This took a while to get right, and I ended up digging into AssertJ to steal some tricks. Using inheritance directly was awkward, so I broke down the code into an AbstractLoggerSupport that had the basic with methods, and then the logger methods themselves were defined with DefaultLoggerMethods defined on the interface. Unfortunately, it's still far too easy to mess up the caller info with custom methods, but custom logger factories are compact enough that end users should feel comfortable building their own.

Finally, as I made more and more use of the API, I belatedly realized that argument fields should be available in conditions.
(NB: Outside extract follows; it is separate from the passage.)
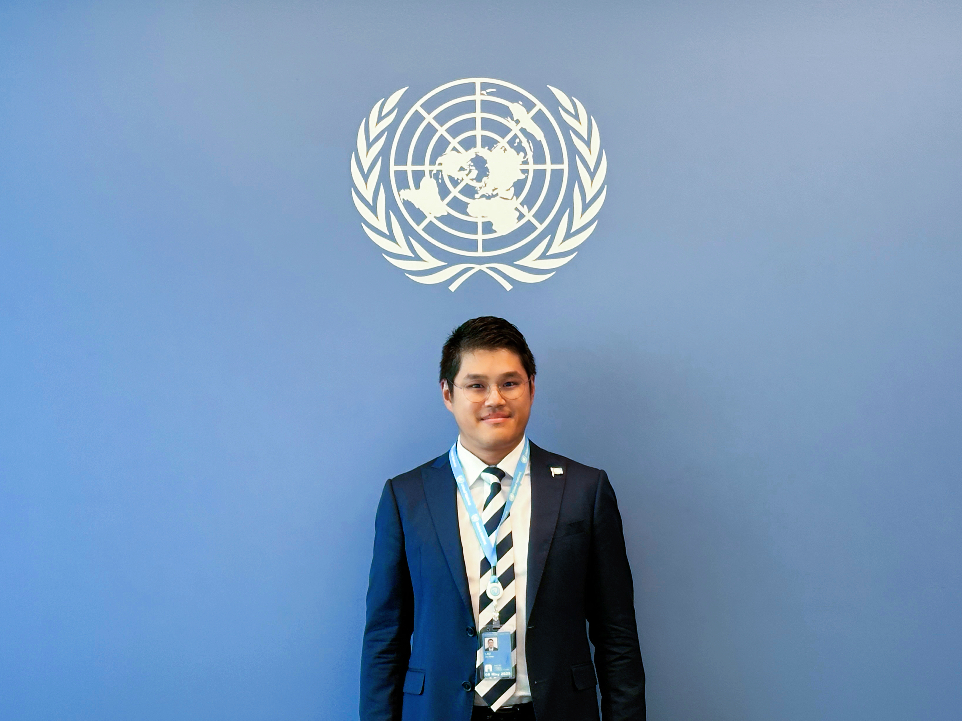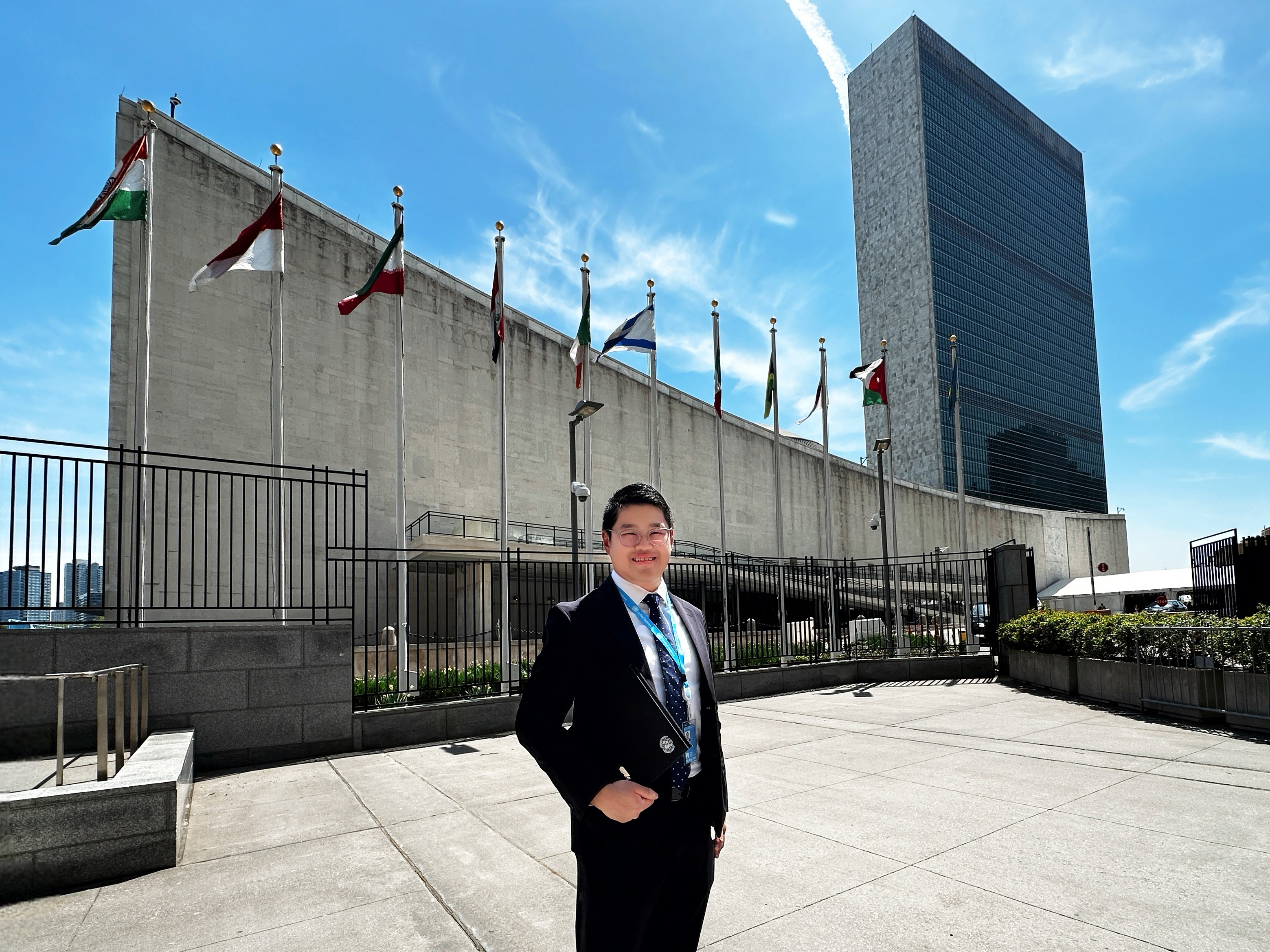 The photo shows Louis in front of the UN Headquarters Building in New York.

If the level is INFO, there are no arguments computed, so the overhead is still small, but if the level is DEBUG and everything depends on conditions, then conditions need to have information available at the statement level. The key was realizing that a condition will execute based off the context – but the context could also include arguments, either positively or negatively. For example, a condition may return true unless a specific argument is present or has a certain value.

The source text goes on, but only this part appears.